Furlough scheme and fraud, offences and sanctions

The government has introduced a number of schemes to protect individuals and businesses due to restrictions resulting from the global COVID-19 pandemic. Several grants have been awarded to businesses and the self-employed. The system most used by British companies but also the most expensive is the Coronavirus Job Retention Program (CJRS). This allows an employer to keep an employee in his company and continue to pay him his wage and apply for a grant to cover part of the regular wages for any time spent on furlough or if his work has been limited by COVID-19. 

The rules governing this measure are complicated and have changed several times since their entry into force on March 1, 2020.
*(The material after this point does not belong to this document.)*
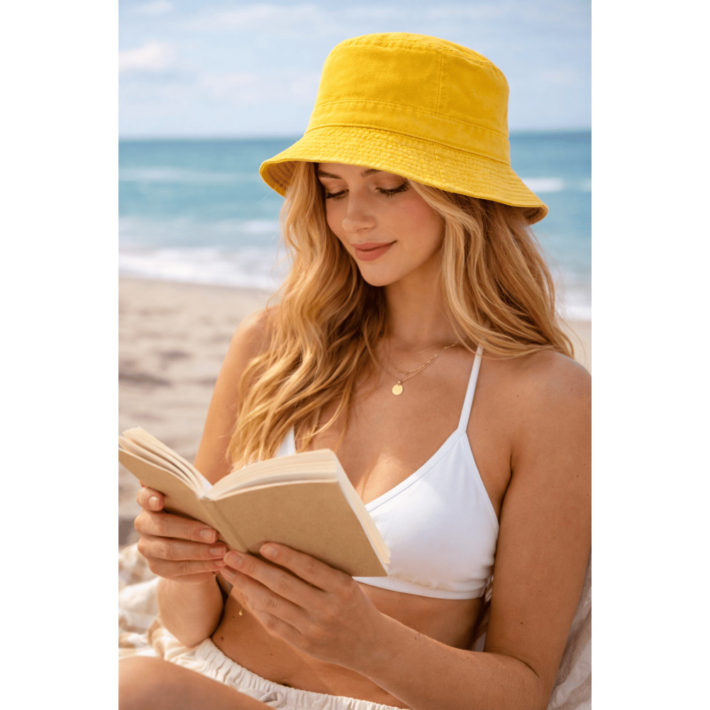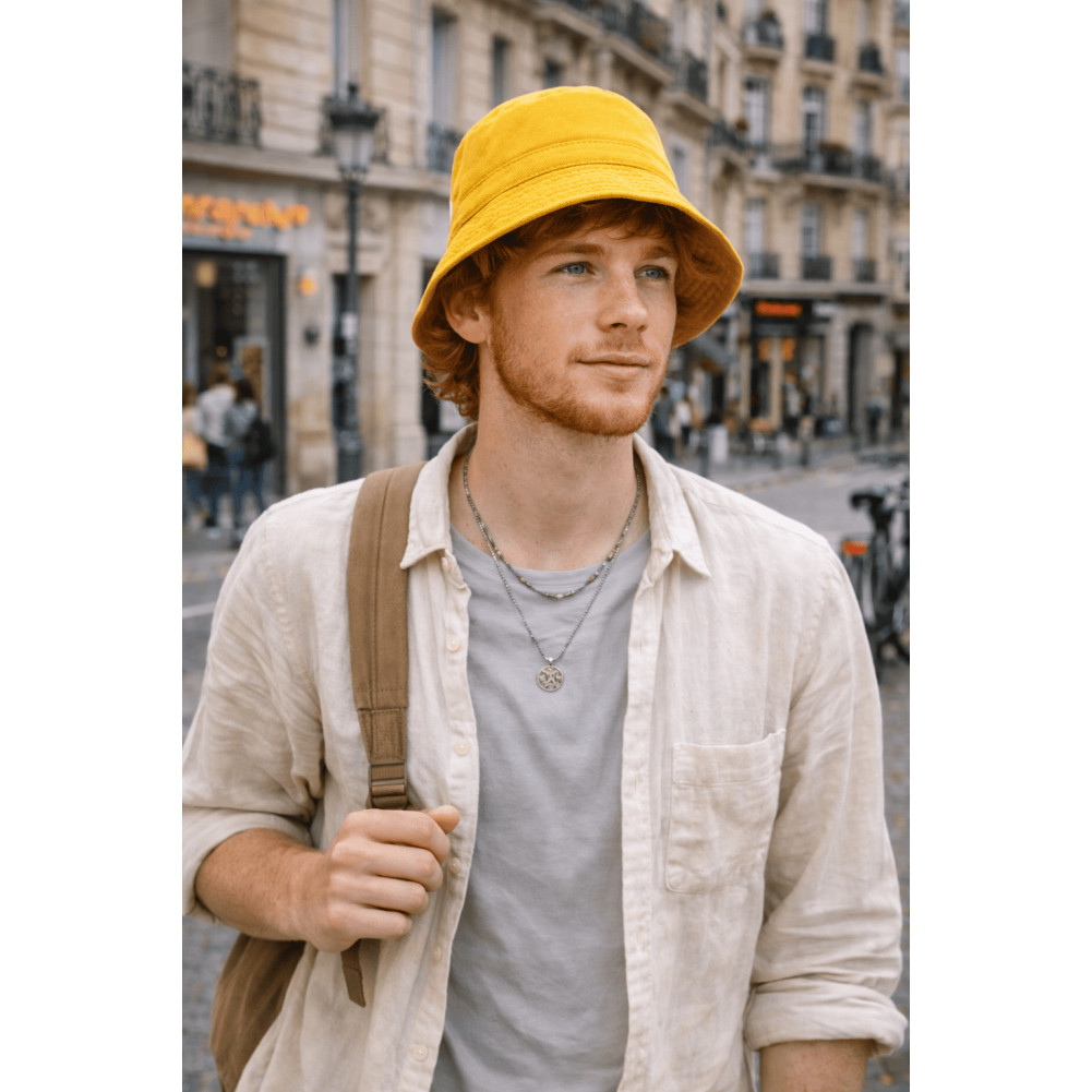 Le chapeau bob jaune est également idéal pour l’été, les festivals ou les vacances. Il complète parfaitement une tenue légère tout en ajoutant une signature visuelle forte.
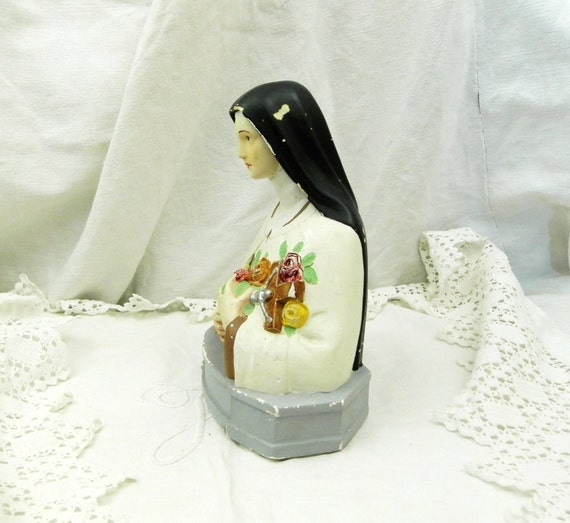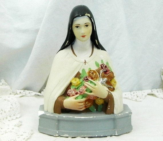 20% OFF coupon on Vintage French Chippy Saint Therese de Lisieux Normandy Bust, Catholic St Theresa Plaster of Paris Statue, Religious Sculpture from France by VintageDecorFrancais

The UK government estimates that almost £ 3.5bn has been paid in the form of false or fraudulent claims. But what are the penalties if you wrongly claim under the CJRS. It seems obvious that the HMRC, responsible for administering the grants, will relentlessly prosecute those who have abused this measure. It deploys new investigative and enforcement powers introduced within the framework of the Ministry of Finance and the 2020 law promulgated on July 22, 2020.

What if you inadvertently requested or received a CJRS claim and COVID-19 support to which you were not entitled?

Errors do occur and HMRC understands this. So, if you made a mistake in your application or if you do not plan to use the money collected to pay wages, taxes, national insurance or pension contributions, you must notify HMRC at most late:

  • 90 days after the date you received the grant.
  • 90 days after your situation changes, you are no longer entitled to keep the grant.
  • 20 October 2020.

We are talking about the notification period. Otherwise you will incur penalties.

The new provisions confirm that CJRS payments are income tax or corporation tax. The overpayment amount must therefore be repaid within "the relevant period". If you are a sole trader or a partner, this period ends on January 31, 2022 and if you are a business, the period ends 12 months from the end of your accounting period.

What if you don't refund or report the overpayment amount within the notification period?

HMRC can recover the full amount of the excess amount through a tax assessment. The latter must be refunded within 30 days and penalties may be charged in the event of delay. HMRC may also charge you a penalty of up to 100% of the amount of CJRS wrongly received as a punishment for not reporting the excess claim within the notification period.

HMRC can also request reimbursement and apply penalties against individual partners of a partnership and corporate officers of insolvent companies.

Criminal investigations

HMRC said its priority was to tackle willful disrespect and criminal attacks on the system. Thus, in some cases, these acts will be deemed too serious to simply impose a sanction and they will then give rise to a criminal investigation. Some arrests have already taken place.

What is furlough fraud?

Furlough frauds concerns the following situations:

  • When the employer asks his employees on leave to do "a little work on the fringes" to help the company (which was totally prohibited before July 1), or to participate in work ancillary to their main role.
  • Claims that have been made for people no longer working for the company, whose return from maternity leave or absence of illness have been manipulated in order to benefit financially from the scheme.
  • When an employer claimed vacation pay, without passing on the full amount paid to the employee, or when an employer requested vacation pay, but the affected employees were unaware that the requests had been made and therefore continued to work normally.
  • Backdated claims.

In addition, the CJRS is expected to end around the end of October and more flexibility was introduced in July, there will be more possibilities for "abuse" or misuse of the scheme.

What are the criminal offences for furlough fraud? 

Serious offenses for which individuals could be investigated and prosecuted may be:

  • Fraud by misrepresentation under the Fraud Act 2006.
  • False accounting.
  • Conspiracy to defraud.
  • Deceive public revenue.
  • Money laundering.

In addition, a business may be investigated for a strict liability offense of failing to prevent the facilitation of tax evasion. This offense was introduced under the Criminal Finance Act 2017.

HMRC powers 

HMRC can perform spot checks and compel the disclosure of information, but also obtain account freeze orders while it conducts its investigations.

They also have the power to arrest and question people.

What should employers do now?

Whether false claims have been made as a result of misunderstanding the rules, or on purpose, businesses currently have a narrow window to rectify issues. Otherwise they risk suffering serious consequences. It is undoubtedly time to check these vacation pay and seek advice if necessary from an employment lawyer who knows about criminal law to minimize the consequences of any claims that should not have been made. Turning a blind eye or hoping that HMRC won't know is reckless and a position that can lead to criminal conviction and even imprisonment.